Assignment in jq is very powerful; in this case, we added the new field individually
onto each element in the stream, but +
(along with the other assignment operators)
can assign values onto a path wich points to multiple locations. As an example,
we can actually simplify the above query like so:
cat ~/test.json | jq '.Instances[] + { IsSuperOld: (.CreationDate < "2022-01-01") }'
{ "InstanceId": "sdb3871osdhv89044", "Name": "server0", "CreationDate": "2021-06-20T03:50:34", "IsSuperOld": true } { "InstanceId": "abc123eassa12874", "Name": "server1", "CreationDate": "2023-11-01T15:13:06", "IsSuperOld": true } { "InstanceId": "aes54iasg41226c", "Name": "server2", "CreationDate": "2023-11-02T12:07:54", "IsSuperOld": true } { "InstanceId": "flng45799saooh987", "Name": "server3", "CreationDate": "2023-11-06T21:45:27", "IsSuperOld": true }
This is even more powerful when combined with a reducing filter like select:3
cat ~/test.json | jq '.Instances[] | select(.InstanceId | startswith("a") ) |= . + { IsSuperOld: (.CreationDate < "2022-01-01") }'
{ "InstanceId": "sdb3871osdhv89044", "Name": "server0", "CreationDate": "2021-06-20T03:50:34" } { "InstanceId": "abc123eassa12874", "Name": "server1", "CreationDate": "2023-11-01T15:13:06", "IsSuperOld": false } { "InstanceId": "aes54iasg41226c", "Name": "server2", "CreationDate": "2023-11-02T12:07:54", "IsSuperOld": false } { "InstanceId": "flng45799saooh987", "Name": "server3", "CreationDate": "2023-11-06T21:45:27" }
Granted these examples are becoming more and more contrived, but let's break down what's
happening. We want a stream of Instances
, and for elements selected by the filter
.InstanceId | startswith("a")
, add the field IsSuperOld
which is set to true if the CreationDate
is before 2022-01-01
.
Custom functions
If you find yourself reusing a particular filter often, it can be helpful reduce repitition by storing that filter in one central place. Jq allows this with named filters, which is calls functions. In the examples above, we could name our "super old" filter to avoid repeating ourselves.
cat ~/test.json | jq 'def isold: .CreationDate < "2022-01-01"; .Instances[] + { IsSuperOld: isold }'
{ "InstanceId": "sdb3871osdhv89044", "Name": "server0", "CreationDate": "2021-06-20T03:50:34", "IsSuperOld": true } { "InstanceId": "abc123eassa12874", "Name": "server1", "CreationDate": "2023-11-01T15:13:06", "IsSuperOld": true } { "InstanceId": "aes54iasg41226c", "Name": "server2", "CreationDate": "2023-11-02T12:07:54", "IsSuperOld": true } { "InstanceId": "flng45799saooh987", "Name": "server3", "CreationDate": "2023-11-06T21:45:27", "IsSuperOld": true }
Conclusion
Like usual, we've only scratched the surface of what jq can do. If their extensive docs with included examples can't help you, chances are there's a stack overflow post from somebody asking how to do what you're trying to do.
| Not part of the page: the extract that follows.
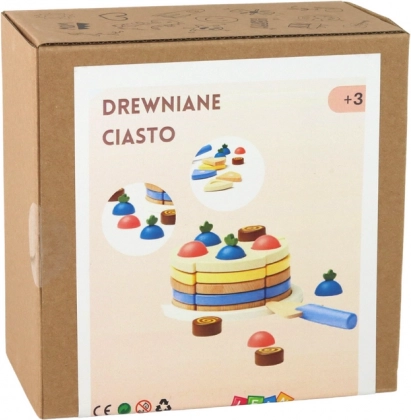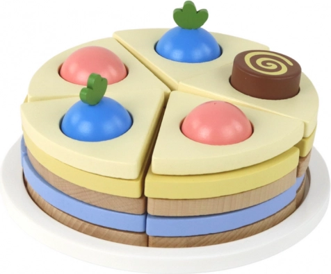 Ten wysokiej jakości drewniany tort podzielono na segmenty połączone rzepami. Dzieci mogą więc łatwo „kroić”, układać i serwować porcje, ćwiczyć chwyt oraz rozwijać wyobraźnię. Kolorowe ozdoby i elementy zachęcają do odkrywania, nauki kolorów i kształtów.

I've personally found it very useful when hacking scripts together which utilize the aws cli. Because the result its queries are json, the two make a great team.4
Jq does one small job, filter and transform json. Toward this end, it's been extremely
helpful for putting together small bash scripts without having to reach for something
heavier like python and the json
module. It falls into the category of: if you need it,
you'll know.
Footnotes:
This example uses the update assignment operator |= which runs its input through the filter
on the right, and returns the updated result. This differs from plain assignment, =, which overwrites
its input with the result of the expression on the right. This is important in this case since I
still wanted all the instances, not just those selected by the startswith
filter.
The AWS cli supports the --query
flag, which accepts a json query syntax similar
to, but not quite exactly compatible with jq called jmespath. This could be a great
option for you, but I am already familiar with jq and didn't want to learn another json
query syntax, so I just pipe the results of my aws calls to jq.